Carlos Queiroz, o visionário
Carlos Queiroz é o novo selecionador do Gana e faz as malas para o Mundial-2026, o quinto da carreira (2010, Portugal; 2014, 2018 e 2022, Irão), mais um pretexto para destacarmos a dimensão de um treinador cuja influência ultrapassa largamente os títulos que conquistou, nomeadamente os dois Campeonatos do Mundo de sub-20, em 1989 e 1991. O treinador nascido em Moçambique há 73 anos — como o tempo passa por todos nós… — revolucionou mentalidades que conduziram a uma forma inovadora de preparar e projetar o talento nacional.
Num país onde tantas vezes se mede a grandeza pelo resultado do encontro seguinte, Queiroz merece ser lembrado por algo mais profundo — a construção de uma cultura que ainda perdura. O criador das primeiras gerações de ouro capazes de evidenciarem coletivamente o valor individual que nunca faltou ao jogador português provou que o cheiro de balneário não era condição indispensável para triunfar. Uma revolução metodológica que trouxe o saber das universidades para as quatro linhas e, assim, contribuiu para que Portugal fosse reconhecido como formador de excelência de futebolistas de elite.
Em recente episódio do Toque de Bola, videocast de A BOLA, Krasimir Balakov, antigo craque búlgaro que representou o Sporting então orientado por Carlos Queiroz, admitiu divergências com o técnico no passado, mas hoje, à distância, apelida-o de... «visionário».
«Foi o primeiro treinador que trabalhava taticamente e queria fazer já nessa altura aquilo que se faz hoje. Comigo, Figo e tantos enormes jogadores… Os conflitos que tive com ele foi por não ter percebido nessa altura que ele queria o melhor para nós. Também não jogava na posição que achava que era a melhor para mim e daí a origem de alguns desses conflitos. Mas Carlos Queiroz era um visionário, viu sempre bastante mais à frente», sentenciou.

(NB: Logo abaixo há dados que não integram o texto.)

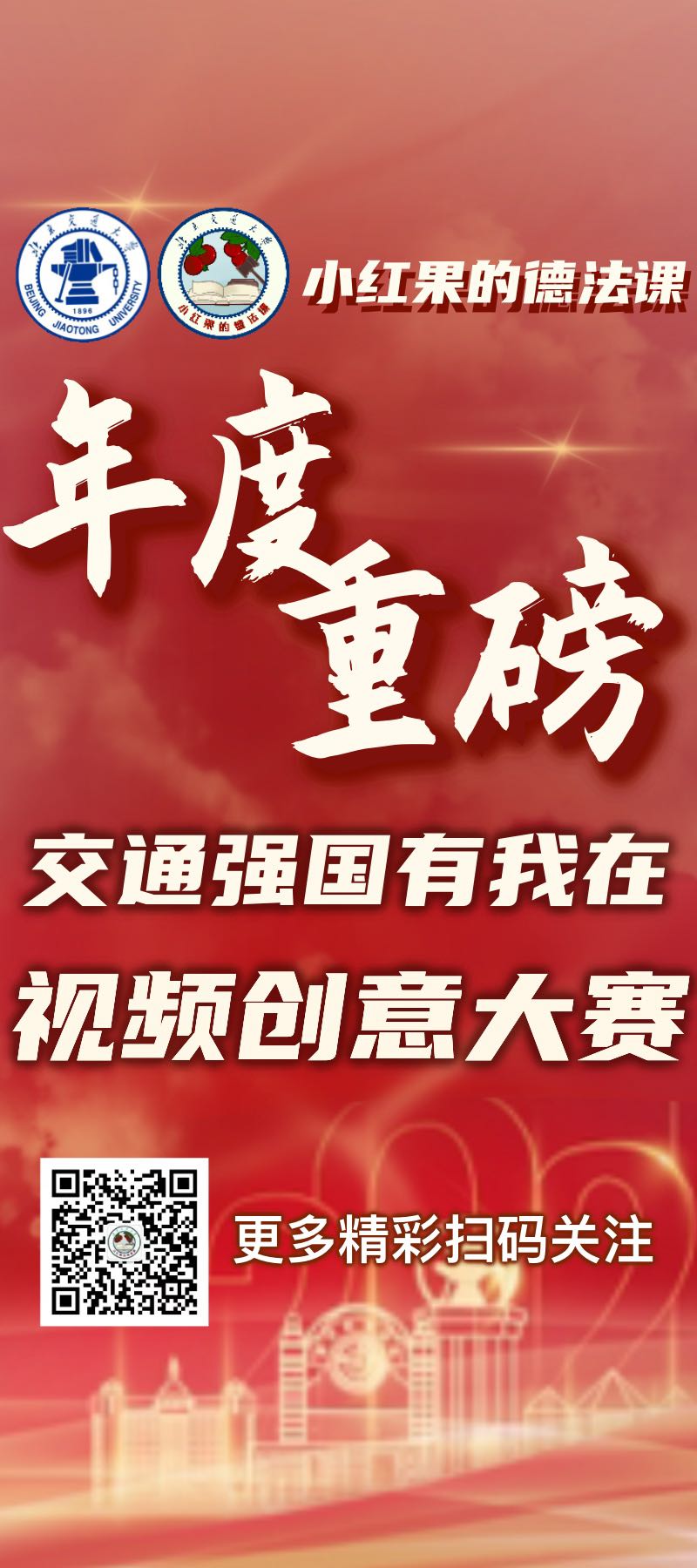 本次活动围绕立德树人主线,将“交通强国”元素融入“德法课”,立足“第一课堂”,辐射“第二课堂”,彰显成人视频 的办学特色。视频大赛适逢建党百年,献礼成人视频 建校125周年,主题定位准确,聚焦成人视频 在爱路报国中的荣耀成就、先进人物、典型事迹,以创意视频形式呈现,旨在激发北交学子对中国交通史、北交发展史的情感认同。
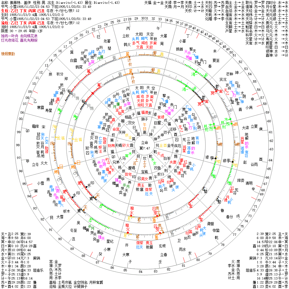 大运:丙戌7 乙酉17 甲申27 癸未37 壬午47 辛巳57 庚辰67 己卯77 戊寅87 丁丑97
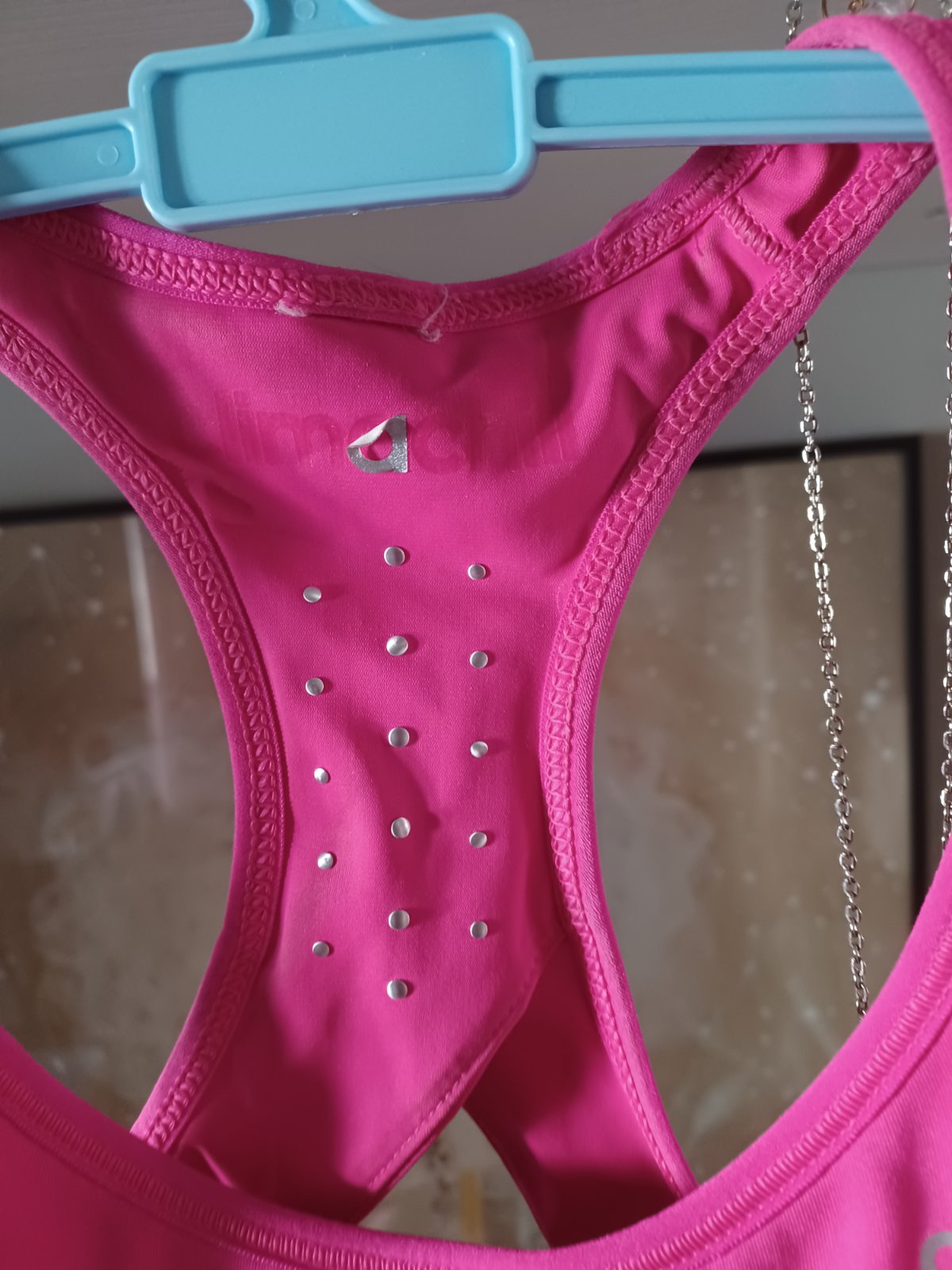 Krásná neonová sportovní podprsenka Adidas cca 158/164 nebo XS/S, zašpinění pod nápisem, zohledňuji v ceně, běžné známky použití.
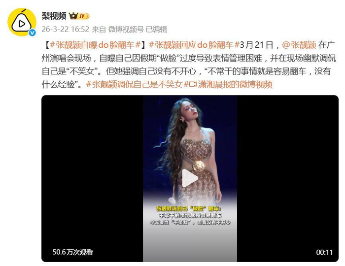 3月21日的广州演唱会,张靓颖一开口就扔了个“重磅炸弹”。她没按常理出牌聊音乐,反而主动揭了自己最近的“短”——正面回应了因表情僵硬引发的种种猜测,自曝这一切都源于假期“做脸”过度,正处于恢复期,还幽默地给自己封了个“不笑女”的称号。
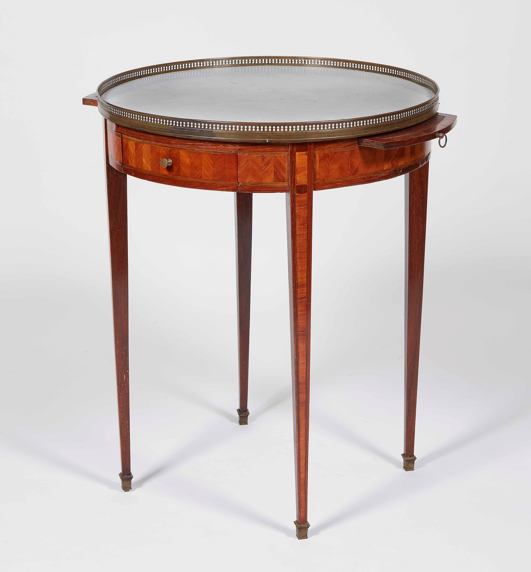 Tavolino rotondo lastronato in essenze pregiate. Francia, stampigliato J.M. Valette, XVIII-XIX secolo gambe ad obelisco con piedini in bronzo dorato, due cassetti e due tiretti sulla fascia, piano incassato in marmo bianco circondato da un anello in metallo traforato, altezza cm 75, diametro cm 60

O legado de Carlos Queiroz, igualmente no Toque de Bola, foi sublinhado por outro ilustre convidado do programa, Carlos Godinho, nome grande da história da Federação Portuguesa de Futebol com mais 50 anos de ligação ao organismo, presente como diretor e team manager em seis dos nove Mundiais e em oito dos nove Europeus em que Portugal participou. «A análise detalhada do jogo e a profissionalização dos processos» foram aspetos que enfatizou da passagem do «amigo e pioneiro» pelos quadros da FPF.
Queiroz foi um homem à frente do tempo dele, agitador, primeiro, reformador, depois, com uma visão que antecipou o caminho pelo qual o jogo, dentro e fora de campo, acabaria por seguir. Quem teima em recordá-lo apenas pela colocação de Capucho a lateral-esquerdo após troca de Paulo Torres por Pacheco ao intervalo de um Sporting-Benfica que os encarnados venceriam, por 6-3, a 14 de maio de 1994, entre várias insignificâncias varridas pela espuma dos dias, continua a não perceber o peso de CQ no progresso do nosso futebol.